Insetad of using `grid.arrange`, we can use `gridExtra`’s special version of `rbind()` (or `cbind()`) for `ggplotGrob` objects:

```{r align-example-good, fig.width=6, fig.height=4}
plot.both <- rbind(ggplotGrob(plot1),
ggplotGrob(plot2))

grid::grid.newpage()
grid::grid.draw(plot.both)
```

Now that we can align plots correctly, we can combine the map and the temperature:

```{r align-minard}
both.1812.plot <- rbind(ggplotGrob(march.1812.plot),
ggplotGrob(temps.1812.plot))

grid::grid.newpage()
grid::grid.draw(both.1812.plot)
```

They're aligned, but there's an obvious problem—the map is way too small and the temperatures are too tall. With `grid.arrange` it's possible to pass a vector of relative panel heights, which would let us shrink the bottom panel. While using `gtable::rbind()` does let us align the two plots, it doesn't provide an easy way to mess with panel heights. Following [this StackOverflow answer](https://stackoverflow.com/questions/24331107/the-perils-of-aligning-plots-in-ggplot/24333504#24333504), though, we can mess with the ggplot object and adjust the panels manually.

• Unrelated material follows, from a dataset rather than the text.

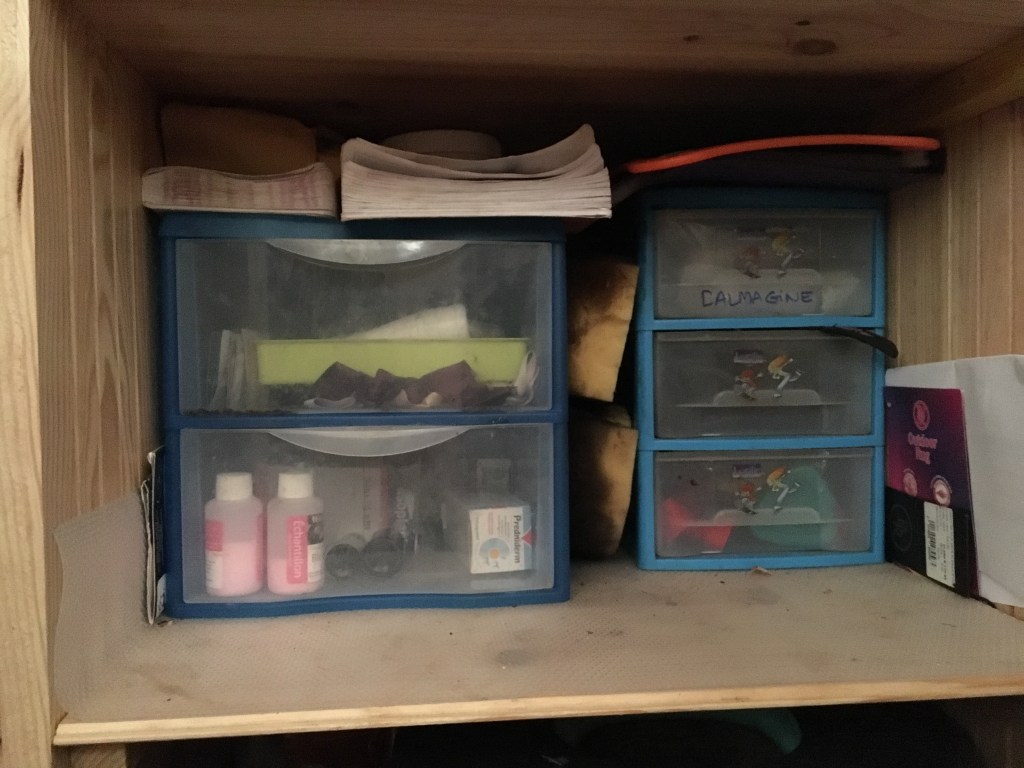 Le côté rangement est important, il faut en effet que cela soit pratique pour vous car en cas d’urgence vos devez savoir rapidement où trouver quoi. Après avoir eu une boite type curver [très vite été trop petite] j’ai opté pour des tiroirs en plastiques mis dans l’armoire. Pratiques, logeables, et si j’ai besoin de plusieurs choses, je prends uniquement le nécessaire dans un seau ou un petit pot de fromage blanc avec une anse.

```{r adjust-panels, fig.width=10, fig.height=5.5}
# Identify which layout elements are panels
panels <- both.1812.plot$layout$t[grep("panel", both.1812.plot$layout$name)]

# Normally we can pass a vector of null units that represent relative heights.
# For instance, `unit(c(3, 1), "null")` would make the top panel 3 times as
# tall as the bottom.

# But, the map here uses coord_equal() to show the correct dimensions of the
# map, and this messes with the panel height for whatever reason. So instead,
# we extract the original map panel height, which is really small, and then
# make the bottom panel smaller in the same scale.
map.panel.height <- both.1812.plot$heights[panels][1]

# See, super small
map.panel.height

# Apply new panel heights to object
both.1812.plot$heights[panels] <- unit(c(map.panel.height, 0.1), "null")

grid::grid.newpage()
grid::grid.draw(both.1812.plot)
```

We can follow the same rocess to create a backgroundless version of the map:

```{r combined-simple, fig.width=10, fig.height=4.75}
# No map this time
march.1812.plot.simple <- ggplot() +
geom_path(data = troops, aes(x = long, y = lat, group = group,
color = direction, size = survivors),
lineend = "round") +
geom_point(data = cities, aes(x = long, y = lat),
color = "#DC5B44") +
geom_text_repel(data = cities, aes(x = long, y = lat, label = city),
color = "#DC5B44", family = "Open Sans Condensed Bold") +
scale_size(range = c(0.5, 10)) +
scale_colour_manual(values = c("#DFC17E", "#252523")) +
guides(color = FALSE, size = FALSE) +
theme_nothing()

# Change the x-axis limits to match the simple map
temps.1812.plot <- ggplot(data = temps.nice, aes(x = long, y = temp)) +
geom_line() +
geom_label(aes(label = nice.label),
family = "Open Sans Condensed Bold", size = 2.5) +
labs(x = NULL, y = "° Celsius") +
scale_x_continuous(limits = ggplot_build(march.1812.plot.simple)$layout$panel_ranges[[1]]$x.range) +
scale_y_continuous(position = "right") +
coord_cartesian(ylim = c(-35, 5)) + # Add some space above/below
theme_bw(base_family = "Open Sans Condensed Light") +
theme(panel.grid.major.x = element_blank(),
panel.grid.minor.x = element_blank(),
panel.grid.minor.y = element_blank(),
axis.text.x = element_blank(), axis.ticks = element_blank(),
panel.border = element_blank())

# Combine the two plots
both.1812.plot.simple <- rbind(ggplotGrob(march.1812.plot.simple),
ggplotGrob(temps.1812.plot))

# Adjust panels
panels <- both.1812.plot.simple$layout$t[grep("panel", both.1812.plot.simple$layout$name)]

# Because this plot doesn't use coord_equal, since it's not a map, we can use whatever relative numbers we want, like a 3:1 ratio
both.1812.plot.simple$heights[panels] <- unit(c(3, 1), "null")

grid::grid.newpage()
grid::grid.draw(both.1812.plot.simple)
```

## Conclusion

Recreating Minard's famous 1812 plot is relatively easy to do with ggplot. Adding fancy bells and whistles like maps and aligned panels is a little trickier, but the end result is worth the extra effort.